### TASK TO CARRY OUT
Restate word for word only the lines from the one with "image: MicroLEDs optically" through the end of the records; no pictures belong in the copy.

[Stored data entries]
━━━━━━━━━━━━━━━━

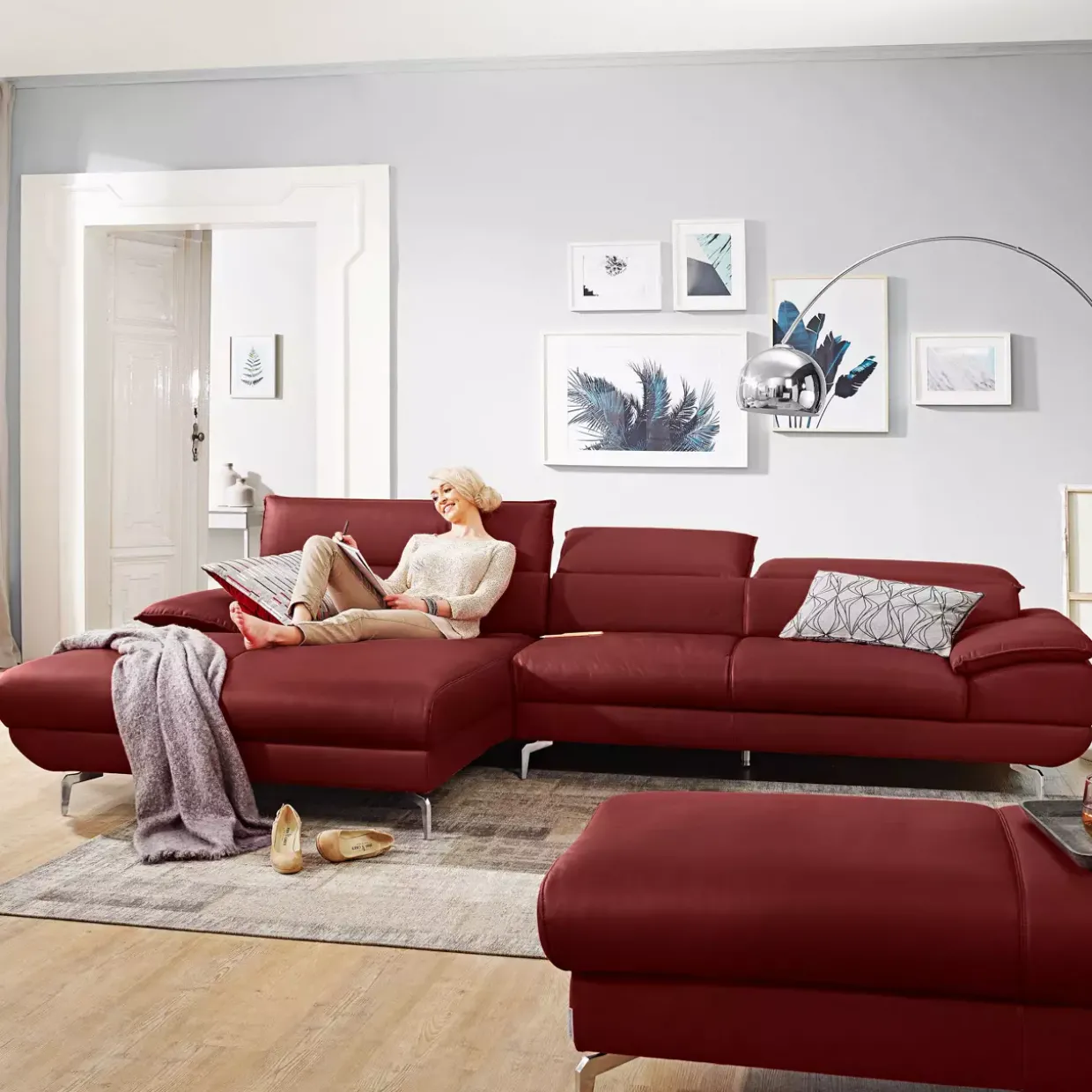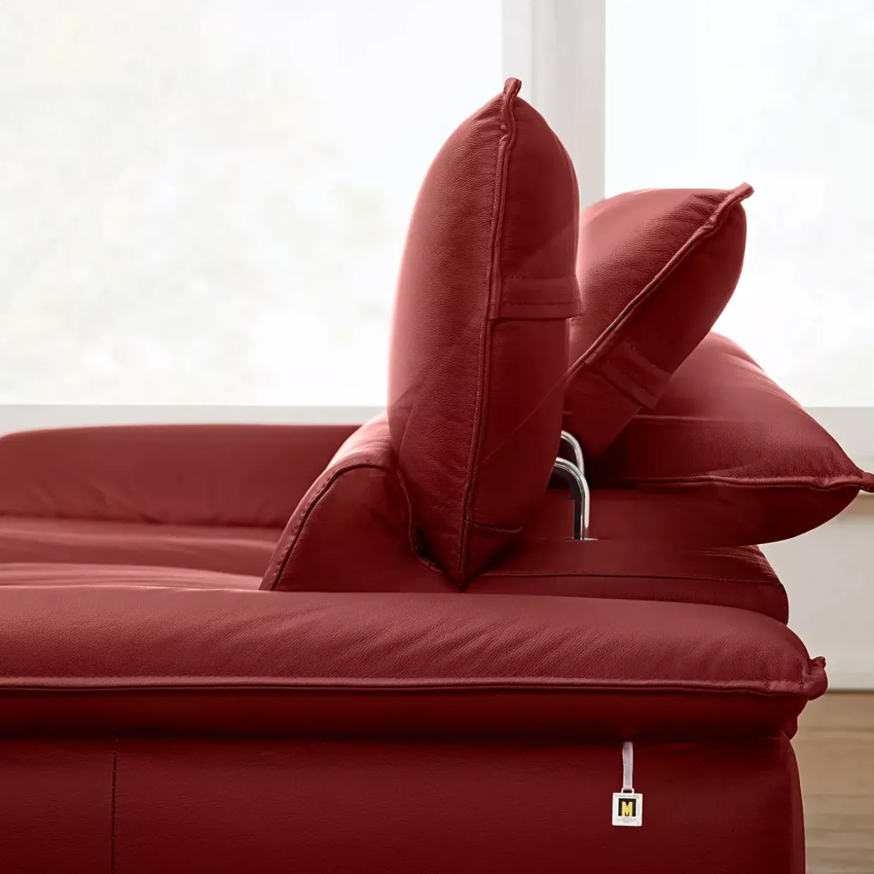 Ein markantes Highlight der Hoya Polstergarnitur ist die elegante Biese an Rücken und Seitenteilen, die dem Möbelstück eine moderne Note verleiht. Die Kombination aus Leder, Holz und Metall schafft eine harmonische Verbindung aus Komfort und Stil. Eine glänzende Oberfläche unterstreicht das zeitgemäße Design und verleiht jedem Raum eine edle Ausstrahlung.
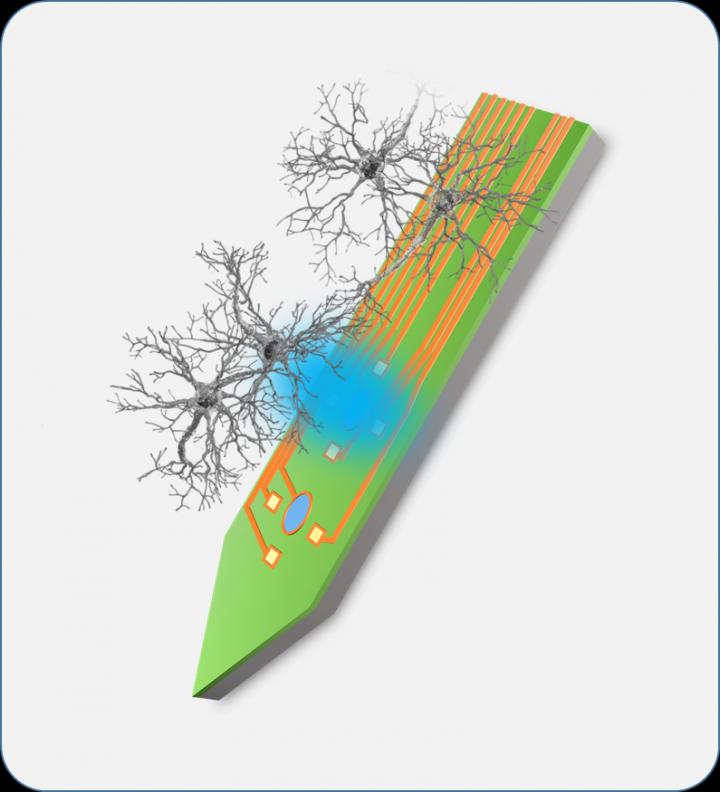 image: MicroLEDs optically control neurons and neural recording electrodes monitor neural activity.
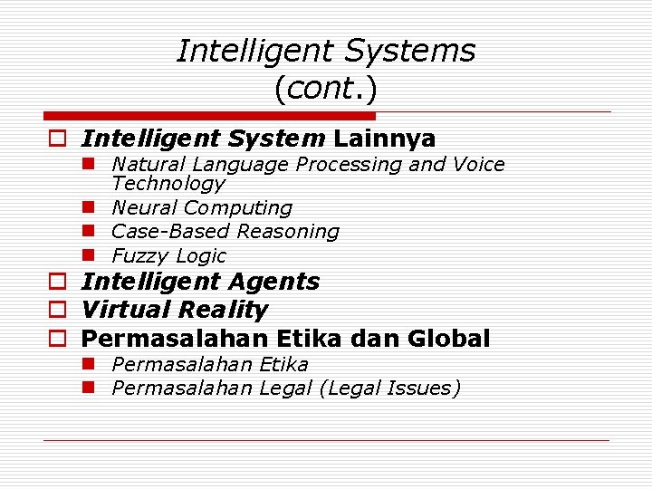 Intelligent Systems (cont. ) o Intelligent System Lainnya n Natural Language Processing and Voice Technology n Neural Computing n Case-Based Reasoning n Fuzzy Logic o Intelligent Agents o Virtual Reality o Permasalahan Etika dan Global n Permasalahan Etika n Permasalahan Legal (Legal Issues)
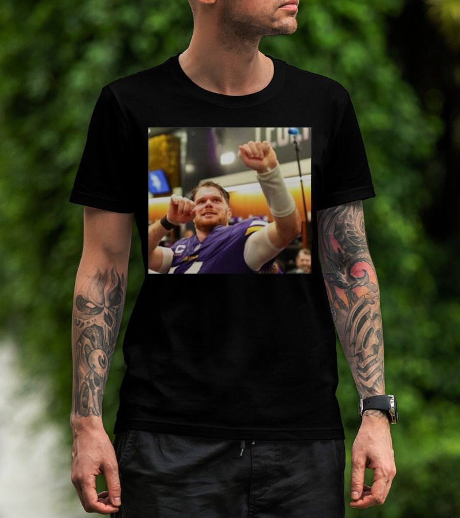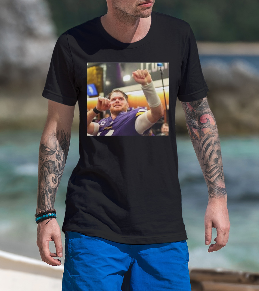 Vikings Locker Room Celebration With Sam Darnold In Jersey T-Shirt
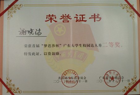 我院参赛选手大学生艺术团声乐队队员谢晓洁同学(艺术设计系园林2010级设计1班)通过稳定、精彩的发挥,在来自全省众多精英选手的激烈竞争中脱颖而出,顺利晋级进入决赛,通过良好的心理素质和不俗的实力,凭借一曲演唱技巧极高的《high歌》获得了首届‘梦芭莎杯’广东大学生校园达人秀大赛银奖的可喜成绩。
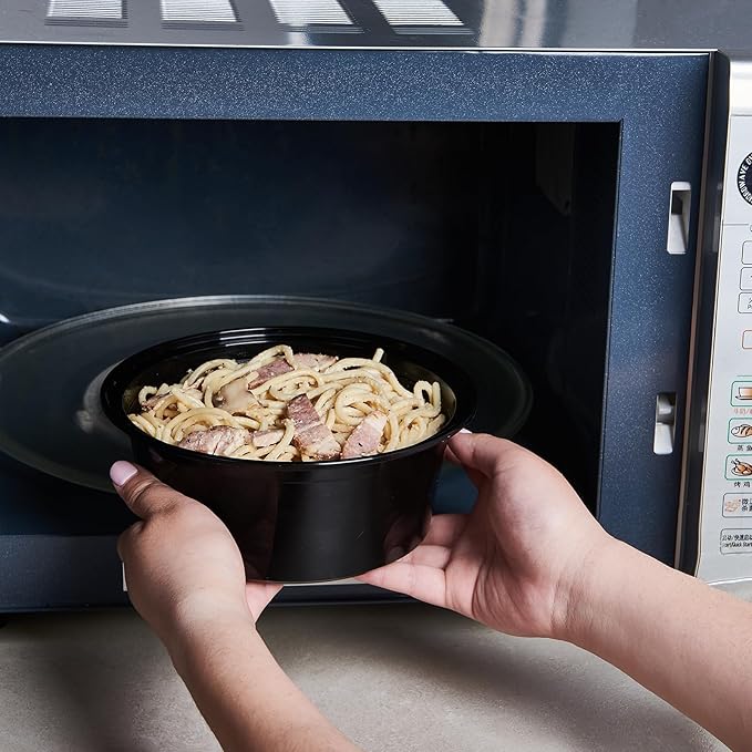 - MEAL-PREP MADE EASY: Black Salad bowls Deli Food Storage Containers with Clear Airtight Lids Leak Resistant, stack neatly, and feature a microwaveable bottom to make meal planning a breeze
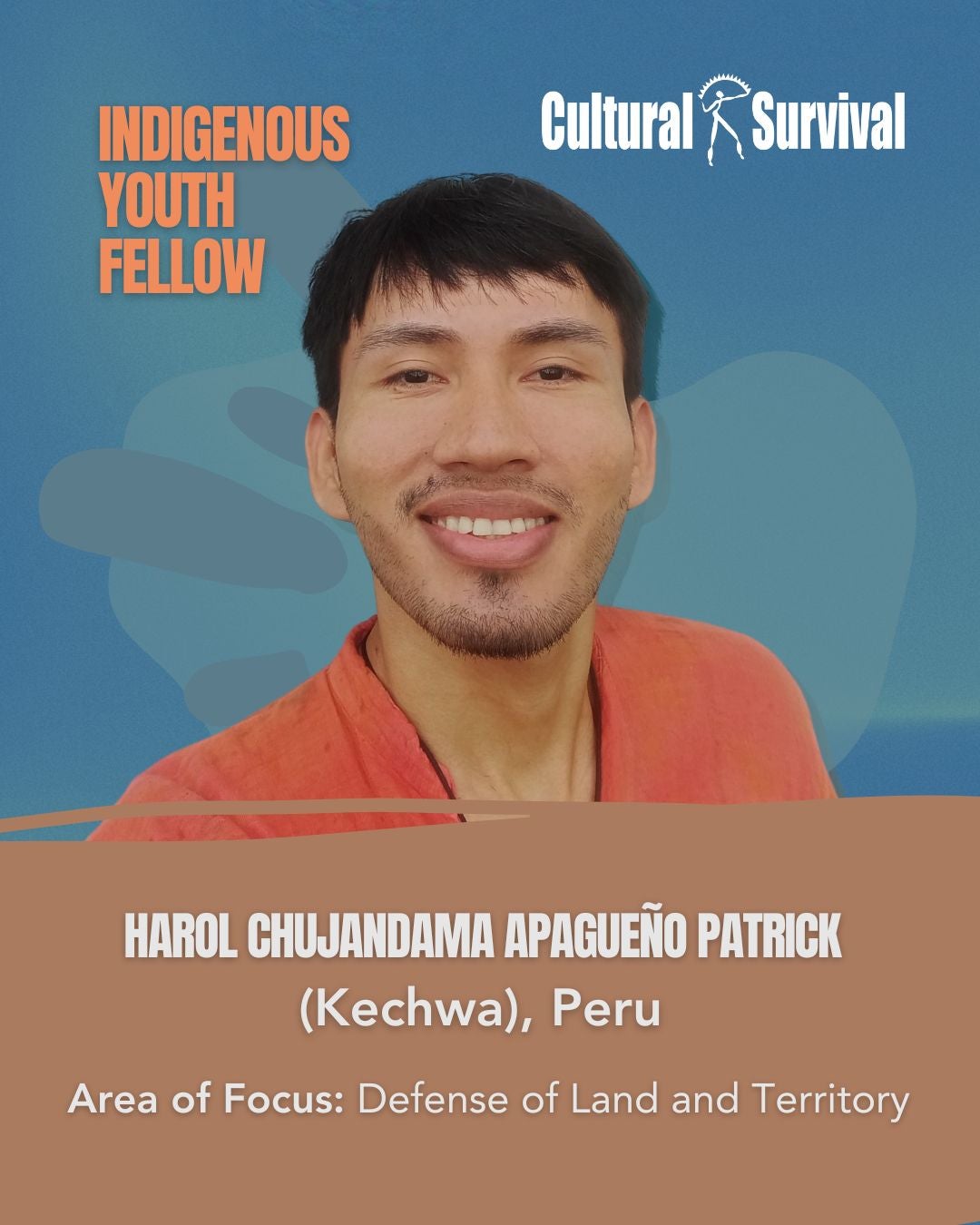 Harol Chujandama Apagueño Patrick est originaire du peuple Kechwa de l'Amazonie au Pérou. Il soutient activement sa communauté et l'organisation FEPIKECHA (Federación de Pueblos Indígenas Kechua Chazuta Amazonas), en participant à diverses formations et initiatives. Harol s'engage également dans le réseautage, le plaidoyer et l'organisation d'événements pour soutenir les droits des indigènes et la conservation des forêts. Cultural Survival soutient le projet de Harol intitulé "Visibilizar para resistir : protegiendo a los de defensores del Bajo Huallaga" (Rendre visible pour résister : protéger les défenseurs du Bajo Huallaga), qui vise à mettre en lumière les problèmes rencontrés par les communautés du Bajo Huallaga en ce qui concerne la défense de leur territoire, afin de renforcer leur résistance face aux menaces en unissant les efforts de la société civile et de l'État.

━━━━━━━━━━━━━━━━

### ANSWER TO THE PROBLEM
 image: MicroLEDs optically control neurons and neural recording electrodes monitor neural activity.
 Intelligent Systems (cont. ) o Intelligent System Lainnya n Natural Language Processing and Voice Technology n Neural Computing n Case-Based Reasoning n Fuzzy Logic o Intelligent Agents o Virtual Reality o Permasalahan Etika dan Global n Permasalahan Etika n Permasalahan Legal (Legal Issues)
 Vikings Locker Room Celebration With Sam Darnold In Jersey T-Shirt
 我院参赛选手大学生艺术团声乐队队员谢晓洁同学(艺术设计系园林2010级设计1班)通过稳定、精彩的发挥,在来自全省众多精英选手的激烈竞争中脱颖而出,顺利晋级进入决赛,通过良好的心理素质和不俗的实力,凭借一曲演唱技巧极高的《high歌》获得了首届‘梦芭莎杯’广东大学生校园达人秀大赛银奖的可喜成绩。
 - MEAL-PREP MADE EASY: Black Salad bowls Deli Food Storage Containers with Clear Airtight Lids Leak Resistant, stack neatly, and feature a microwaveable bottom to make meal planning a breeze
 Harol Chujandama Apagueño Patrick est originaire du peuple Kechwa de l'Amazonie au Pérou. Il soutient activement sa communauté et l'organisation FEPIKECHA (Federación de Pueblos Indígenas Kechua Chazuta Amazonas), en participant à diverses formations et initiatives. Harol s'engage également dans le réseautage, le plaidoyer et l'organisation d'événements pour soutenir les droits des indigènes et la conservation des forêts. Cultural Survival soutient le projet de Harol intitulé "Visibilizar para resistir : protegiendo a los de defensores del Bajo Huallaga" (Rendre visible pour résister : protéger les défenseurs du Bajo Huallaga), qui vise à mettre en lumière les problèmes rencontrés par les communautés du Bajo Huallaga en ce qui concerne la défense de leur territoire, afin de renforcer leur résistance face aux menaces en unissant les efforts de la société civile et de l'État.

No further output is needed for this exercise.